2002-11-03 Thread Erik Trulsson
On Sun, Nov 03, 2002 at 11:06:04PM -, Andrew Brampton wrote:
 Hi,
 I'm new to FreeBSD, I've had my box running for about 3-4 weeks now. Anyway
 I've decided to enable it as a gateway by editing the /etc/rc.conf file. I
 previously had it running as a gateway but I commented the
 gateway_enable=YES line. Now I want to uncomment this line so it routes my
 traffic, but I don't want to actually restart my box because its got a 17
 day uptime, and I want to see how high I can get it, and the past 17 days
 would of been wasted if I reboot :)
 
 Sorry if this sounds a bit lame, but I'm trying to beat my 21day uptime on
 Windows 2k. So what command could I type, or which process could I
 kill/restart so that my box will function as a gateway?
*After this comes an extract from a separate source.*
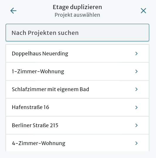 - Etage von einem Projekt in ein anderes kopieren

sysctl net.inet.ip.forwarding=1

is the command you are looking for.
(This is most easily figured out by looking in /etc/rc.network and seeing
what command is executed when rc.conf contains gateway_enable=yes )

 
 I had a quick scan through the man page on rc.conf, but didn't find anything
 of relevance, but I did find many other useful lines I might add to my
 rc.conf file later (just to play around with)..


-- 
Insert your favourite quote here.
Erik Trulsson
[EMAIL PROTECTED]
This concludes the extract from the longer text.